If you see the fact that young males are the largest demographic that buys videogames as a problem, you don't know how capitalism and open markets work.

Markets producing catering content for the people that are primarily interested in it's products is not "a problem". It's common sense.

Man you're just running down the list of bog-standard arguments: Censorship! What about the men? Capitalism!

Do you really think having less of the content shown in the video will negatively impact sales from the 18-35 male demographic.
 
Not as far as Anita's videos is concerned.

When an ESA study includes zinga games in it's findings, it's statistics no longer remain relevant to discussion centered entirely around AAA and similar titles.
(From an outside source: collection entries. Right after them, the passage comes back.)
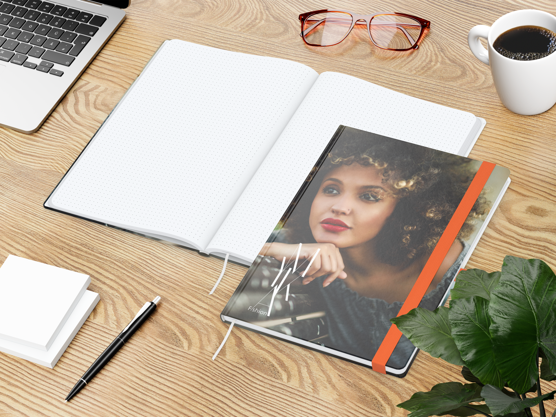 Das Match-Book Cover-Star Bestseller ist ein klassisches Business-Notizbuch mit hochwertiger Hardcover-Verarbeitung und umfassender Ausstattung. Es bietet viel Platz für Notizen und überzeugt durch seine langlebige Qualität sowie eine vollflächig nutzbare Werbefläche auf dem Einband.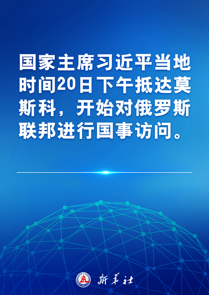 国家主席习近平当地时间20日下午抵达莫斯科,开始对俄罗斯联邦进行国事访问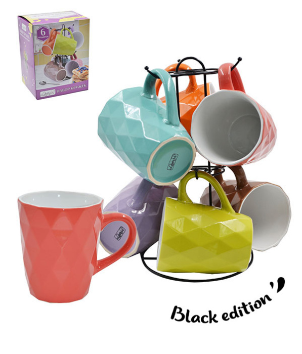 Набор кружек на м/подст. (6пр.) Lavenir "Яркий ромбик" 380 мл, 21663 керамика

Then please provide sources for the AAA industry, otherwise, it's just "a hunch."
 
I think brothels showing up in games are usually used to insinuate a sort of "seediness", that it's part of the underground or at least has ties there or is frequented by those underworld types. Gay bars aren't really seedy or illicit. They are pretty normal and it's not seen as some sort of taboo or something controlled or frequented by a criminal organisation. With brothels (and prostitution) in games it's usually as a short cut to paint a character (or characters) a certain way.
You know this man is a bad guy because he owns a brothel and the women don't want to be there and he forces them to work, you know he's bad because he goes to a brothel and is very rough/rapes the workers, you know he's bad because he deals in sex trafficking etc. With a gay bar the most you'd get out of it is the character is perhaps gay and that's not a bad trait, it does nothing to display the "evilness" of a character compared to the examples with brothels and NPC characters there (talking about enemy characters/the villain here and not the workers).
The problem is too much games lean on bad guy in brothel trope and this recurring theme in almost every game trying to create a dark seedy atmosphere is lazy and may send a harmful message. Also I don't understand where you get the idea where male strip clubs can't be used to create a seedy atmosphere. Male strip clubs are associated with homosexuality which is taboo in many cultures.
 
The gender of "gamers" seems to swing wildly between dominantly male and dominantly female depending whether the person talking wants to criticize them or legitimatize them.
 
Kratos and characters like him are examples of male power fantasies though.
A better example would be someone like Dante since he is one of the few male characters that are overtly sexualized, but he still falls into the male power fantasy trope.



The example is fine. Its portraying a male in an unrealistic manner which is very very common in video games.